▸ **PROMPT**: From the first line of the entries below through the line bearing "Wooden Expressions Matching", write out each line exactly. Omit pictures.

(Dataset records)
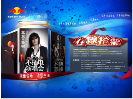 这种演唱会的形式来到中国,是因为一个一直在运动场上驰骋的品牌——红牛饮料。一贯赞助运动比赛的红牛饮料,突然之间关注起演唱会,而且首战即出手不凡,受到什么触动呢?
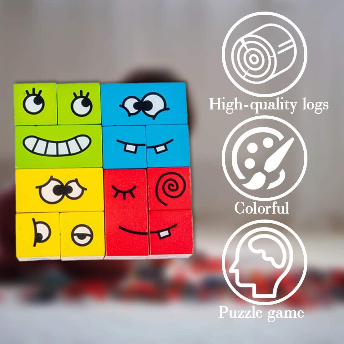 Wooden Expressions Matching Block Puzzles Face | Parent-Child Building Block Jigsaw Board Game | Emotional Educational Puzzle Toys for Kids Boys and Girl | Gift for 3-8 Yeahs Old
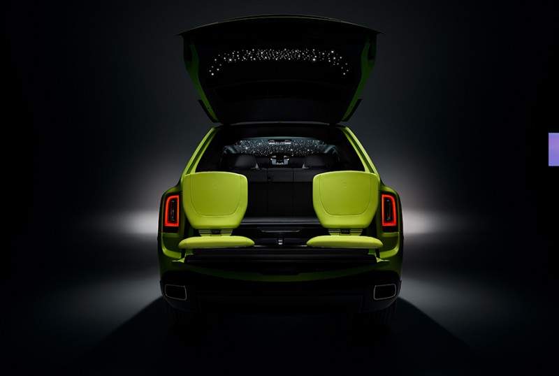 对于「Cullinan – Inspired by Fashion」,设计师们创造了全新的 Starlight Tailgate – 一个令人惊嘆的功能,将 Starlight Headliner 的神奇、星空氛围延伸到汽车内部之外。这一订制功能耗时超过 22 小时,在穿孔皮革中融入了 192 颗柔和发光的星星。星光尾门与观景套房相辅相成,营造出一个完美的环境,让您随时随地享受星夜的迷人美景。
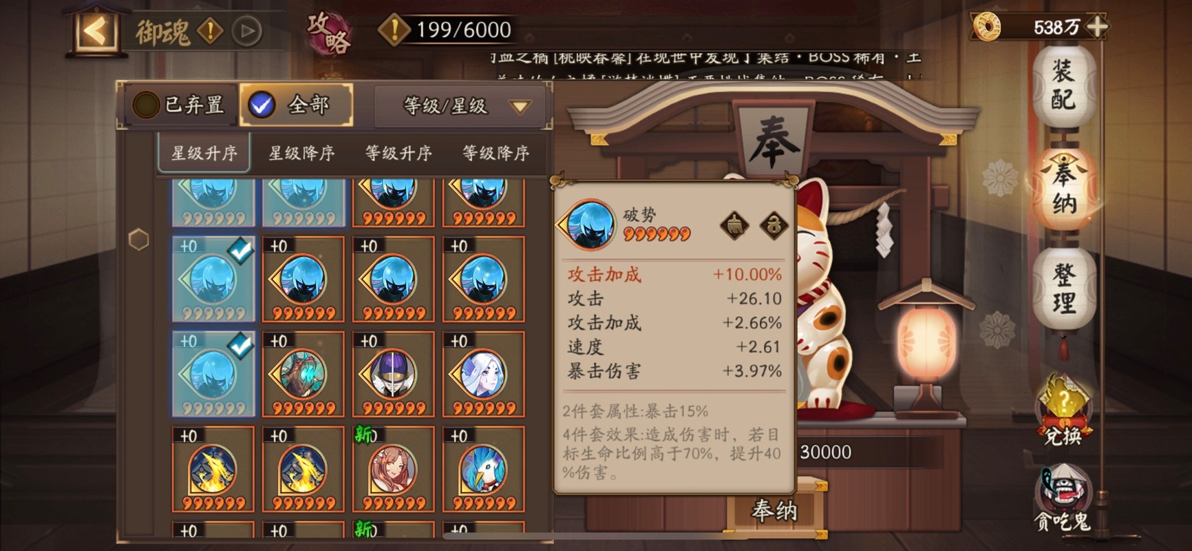 号位4号位的五星全部奉纳。6号位的五星(攻击加成、防御加成和生命加成)全部奉纳。自从官方把体验服的特殊御魂加点的功能给去掉后,我们囤的特殊属性的五星御魂就失去了价值。因此游戏娘2和4的五星是全部卖掉的。但是六号位比较特殊,有些好的五星暴击和爆伤是可以用的,比如下面这个。
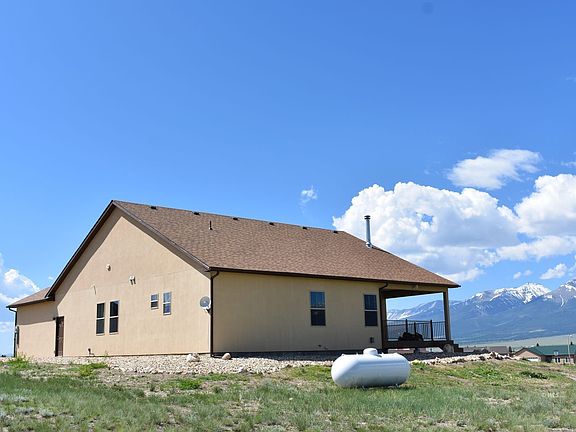 Spacious Home in Westcliffe with Big Mountain Views. This spacious, one-level, stucco home in the town of Westcliffe is light, bright and airy. A vaulted ceiling in the living room & kitchen, 9 foot ceilings throughout and big bright windows give this home a spacious open feel and stunning views of the Sangre De Cristo mountain range. Built in 2021 and well maintained, the home is comfortable as well as beautiful. Warm beige tile flooring throughout the living spaces keeps the home clean, bright and low maintenance. Each of the 3 bedrooms are generously sized and have plentiful closet space. The primary bedroom offers a tray ceiling and exterior door leading to the covered back deck. A spacious primary bathroom features a freestanding soaking bathtub, large tile shower, and double vanity with granite counter top. The bright, open kitchen has granite counter tops, large kitchen island, stainless steel appliances, beautiful cabinetry and generous pantry space. The kitchen also provides access to the covered back deck for entertaining, relaxing, or star gazing. Oversized 2-car garage for extra storage. A beautiful and well designed home with the convenience of in town living. Adjoining lot available to purchase separately.

▸ **ANSWER FOR THE TASK**:
 这种演唱会的形式来到中国,是因为一个一直在运动场上驰骋的品牌——红牛饮料。一贯赞助运动比赛的红牛饮料,突然之间关注起演唱会,而且首战即出手不凡,受到什么触动呢?
 Wooden Expressions Matching Block Puzzles Face | Parent-Child Building Block Jigsaw Board Game | Emotional Educational Puzzle Toys for Kids Boys and Girl | Gift for 3-8 Yeahs Old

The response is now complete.